To Turn Or Not To Turn Shipped Eggs?

coloradowildflower

Crowing
17 Years
Jul 12, 2008
324
219
381
Utah
I'm receiving shipped eggs later this week to set in my incubator. I've read mixed advice and now I want yours: I know to let the eggs rest at least 24 hours when they arrive, but after that...what? Some people say to turn off the egg turner. Do you agree? For how long? If you have hatched shipped eggs, please share your process and your hatch rate!
 
After the eggs reach room temperature, you can put your eggs right in the incubator if you don't have the turner on. It depends on how bad the air cells are wobbly if you do it for 1 day or 5 days. I would gently twist the egg at least once a day by hand, or don't.

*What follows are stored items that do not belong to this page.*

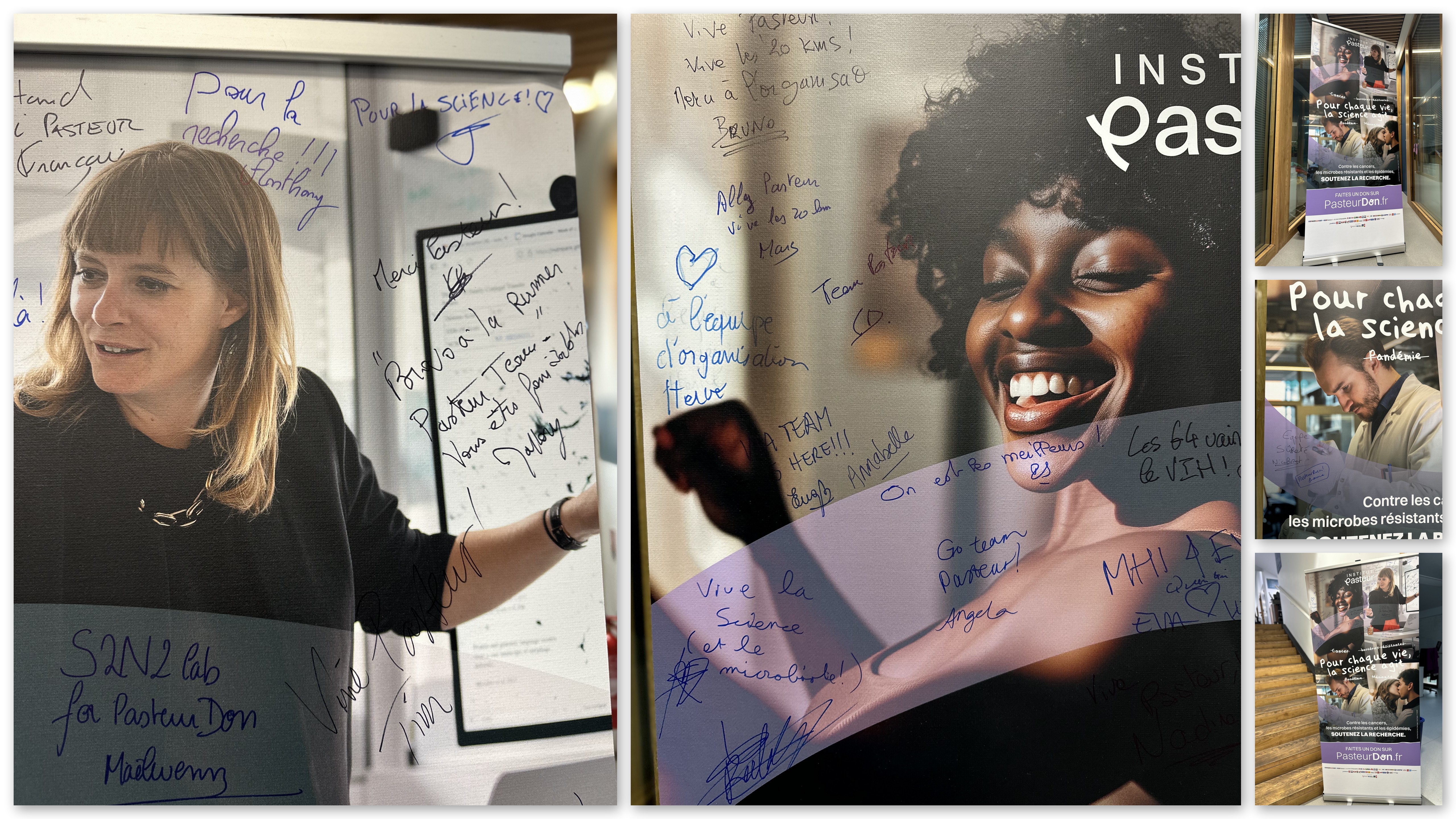 À l’arrivée et de retour sur le stand de l’Institut Pasteur : sourires, partage et convivialité ont rassemblé les coureurs le temps de prendre la pause au soleil pour quelques clichés photos, de se ravitailler mais aussi d’inscrire son nom, sur un kakémono, pour donner un écho fort à l’appel du Pasteurdon : soutenir la recherche, défendre la science !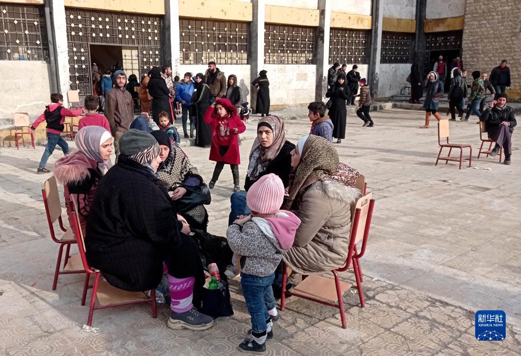 2月7日,受地震影響的人們在敘利亞阿勒頗省的一處安置點(diǎn)休息。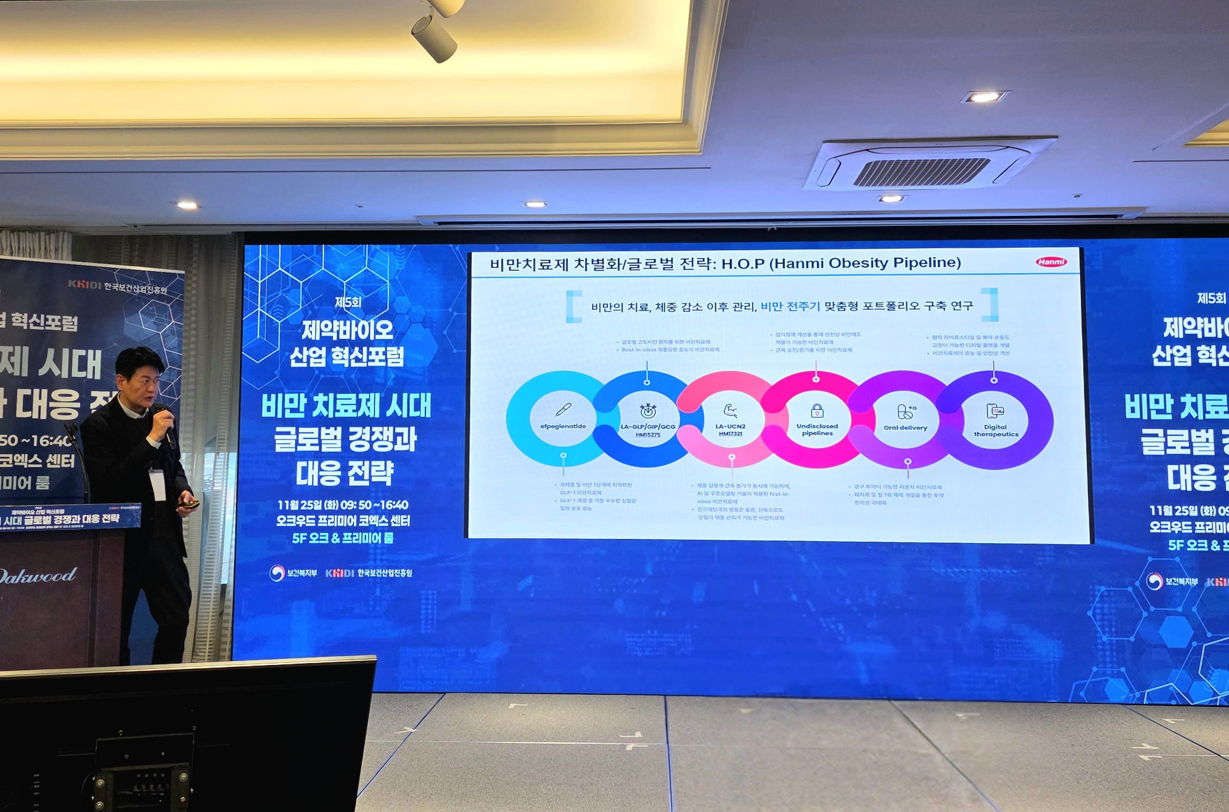 한미약품 최인영 R&D센터장의 말이다. 최 센터장은 25일 서울 오크우드 프리미어 코엑스 센터에서 열린 ‘제5회 제약바이오산업 혁신 포럼-비만 치료제 시대 글로벌 경쟁과 대응 전략’에 연자로 참석해, ‘비만치료제 무한 변신, K-비만치료제 차별화 전략’을 주제로 발표했다.

It's hard to share shipped hatch rate success because it depends on how the shipper packaged them and how the post office handled them and if your incubator is working properly.
For instance: I live in Iowa. If I get eggs from Missouri I have noticed I get poor hatch rates. If I get eggs from Texas or Minnesota or Northern Iowa. I get good hatch rates. If I order eggs from the East U.S. I get poor hatch rates. If I order duck eggs I get poor hatch rates.
I got call duck eggs, and they were all developing wonderfully from Northern Iowa on day 20. Then I accidently calibrated my incubator after I had taken the lid off for candling and ended up killing all of them.
I've seen some stinking awful ways sellers have shipped eggs too! Pointy end up, pool noodles, loose in a box with newspapers... and they don't incubate well either.